Чегодаев склонил упрямую голову.
– Ну, мне пора! – поднялся Бурнашов.
– Постой, погоди! Куда ты собрался ехать, скажи мне? На ночь глядя, куда? – Анна говорила мелко, почти всхлипывала, но сама не сводила жалобного взгляда с Чегодаева, ожидая поддержки. Но муж не поддакивал, его небольшая головка, прошитая сединой, была упрямо набычена. – Ты ведь пьян, Алеша.
– Я пьян? – удивился Бурнашов. – Ни в одном глазу. Нынче водку стали слабую делать. Вот сейчас два фужера выпью и по одной половице пройдусь… Черт знает что мычишь. Курица. Пьян, пьян! Ты что, видала меня пьяным? Прощай.

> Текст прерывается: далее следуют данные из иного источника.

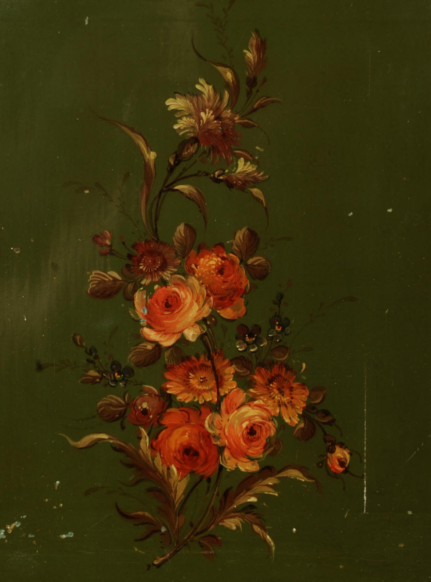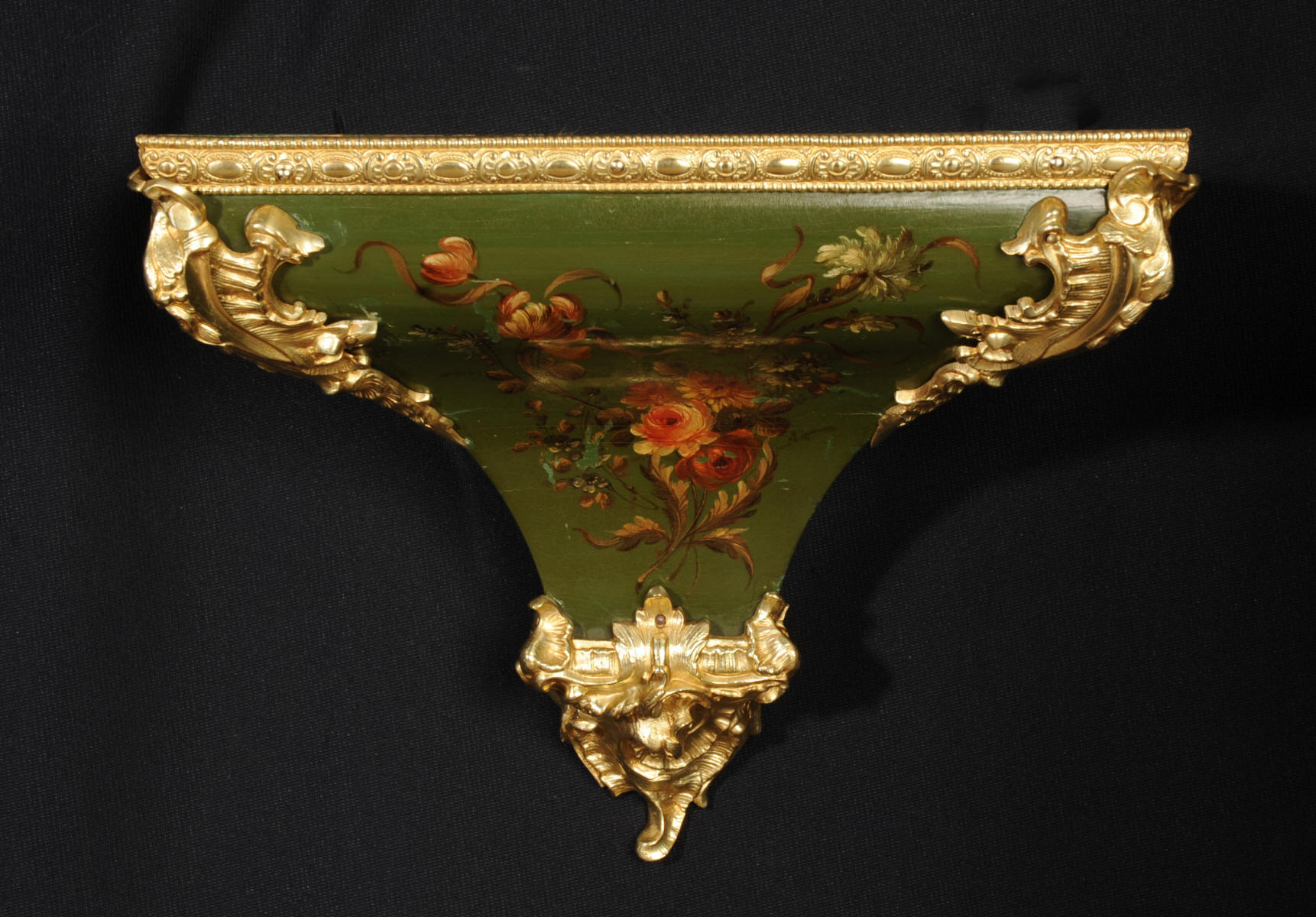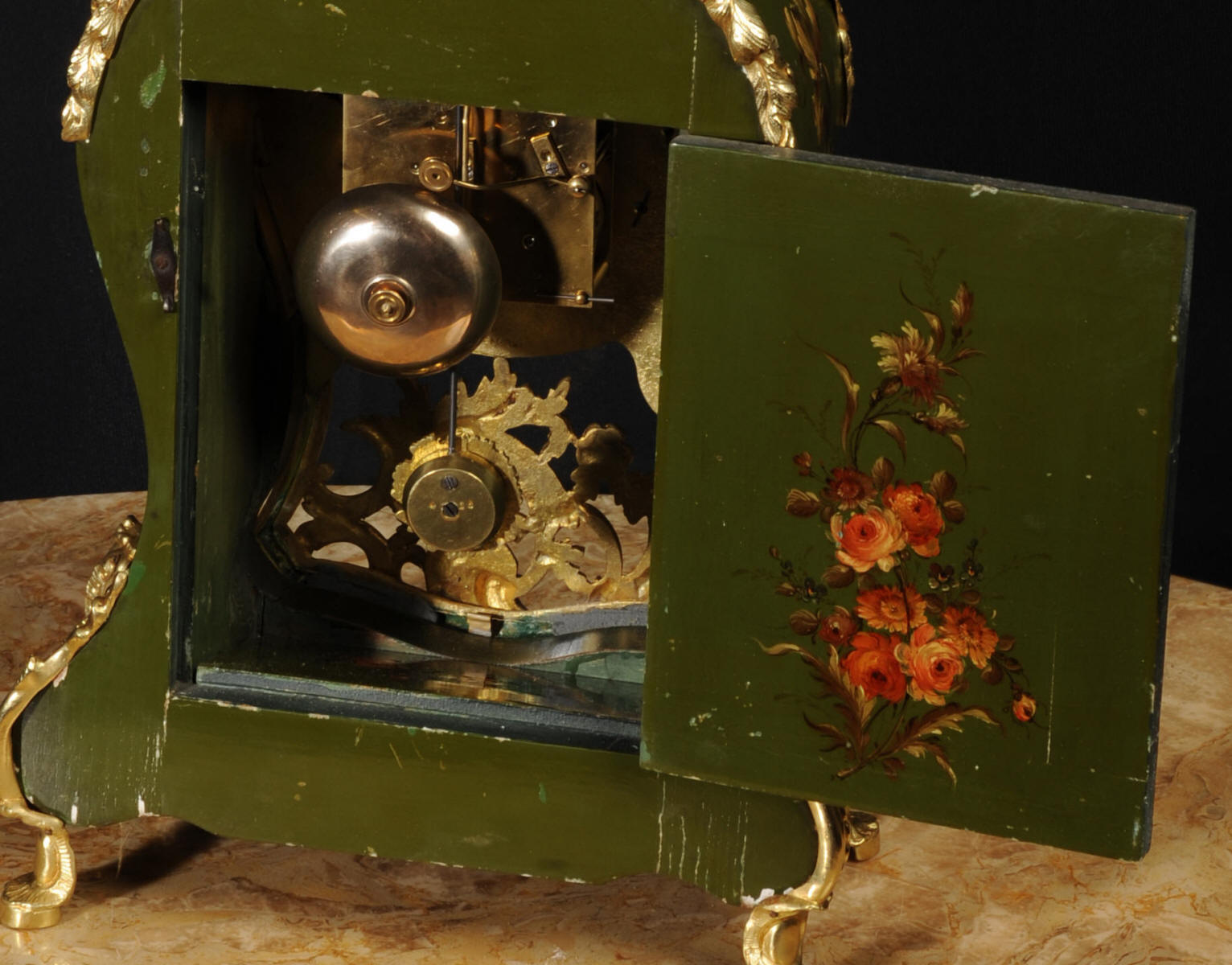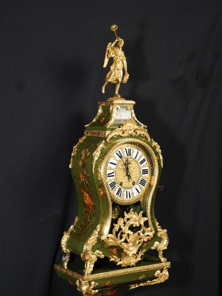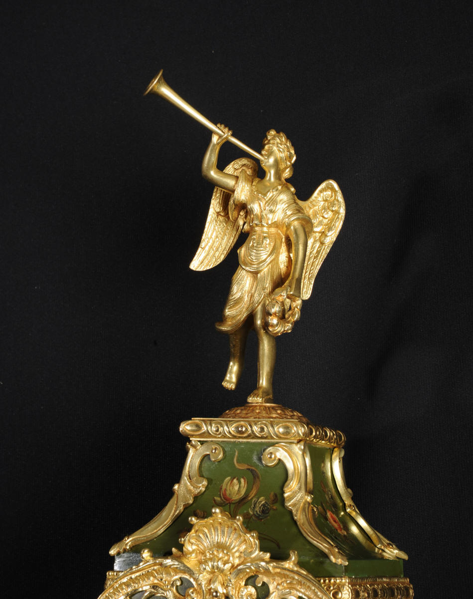 The very large dial is ormolu, mounted with 12 individual enamel cartouches for the hours. It is fitted with the original hand cut and blued steel hands. Both the inside of the rear door and the base of the inside are also decorated with Vernis Martin work and there is a pencil signature on the underside of the base, this may be that of the artist.

Бурнашов уже не удостоил зятя взглядом, неторопливо прошелся по одной половице, в прихожей отыскал тулупчик и скуфейку, мягко затворил входную дверь. Вино вроде бы не действовало, кануло в утробу, как в песок. Еще с трезвой головою Бурнашов отыскал возле вокзала свой автобус, опустился на заднее сиденье, и тут его начало кружить и мутить. Он то выплывал из беспамятства, то снова обрывался в черную клубящуюся бездну, где никого и ничего не было, кроме невыносимой обиды. Сколько он так ехал, Бурнашов не помнил, но лишь однажды он очнулся с больной головой и нашел себя живым и невредимым в крохотном провинциальном вокзальчике, половину которого занимали багажные автоматические камеры. Серый затоптанный цементный пол, две громадные жестяные урны, покрашенные зеленой краской, и три облезлых дивана, один из которых занимало его, Бурнашова, распластанное тельце. Под потолком назойливо гудела неоновая трубка, вокруг нее суетились непонятно как сохранившиеся жизнерадостные мухи. Да, это был его родной, до щербинки на потолке знакомый вокзальчик, где столько ночей он выспал, дожидаясь раннего автобуса до своего сельца. Скоро дом, Лизаньку увижу, отмякше подумал Бурнашов. Он тут же виновато спохватился, что вот, злодей проклятый, неделю пропадал в городе и ни разу не встревожился о жене. С этим чувством новой вины он забылся вновь, мягко, беспечально улыбаясь во сне.
ГЛАВА ВТОРАЯ
Бурнашов уверовал, что жену бесценную ему господь послал. Никогда прежде не верил в бога, а тут вдруг приписал нежданную радость не чуду, но чьей-то всемогущей милости и доброте. А то как бы иначе отыскались они с Лизанькой на таком громадном российском пространстве, столкнулись на росстани в ту единственную минуту, когда и решается судьба. Задержись он тогда у реки – и разминулись бы, не повстречавшись, не ведая друг о друге. Игра провидения иль вершина созревшего чувства, но без любви уже и жизнь не в жизнь: хоть в петлю головой. Бывают же такие мгновения в каждой судьбе, когда от одиночества сходишь с ума, и высшим благом, этакими райскими кущами мыслится тогда семья. Это после волосы на себе рвешь и сам себе дивишься, прежнему. Втемяшится в голову блажь – и ничем не напугать человека, никак не отговорить, сколько поучительных историй ни поведай. Бурнашову ли о том не знать? Два раза обжегся, мечтал бобылем век кончить, а тут припекло вдруг, и сам желанно полез в хомут. Иль природа томит и неволит мужика?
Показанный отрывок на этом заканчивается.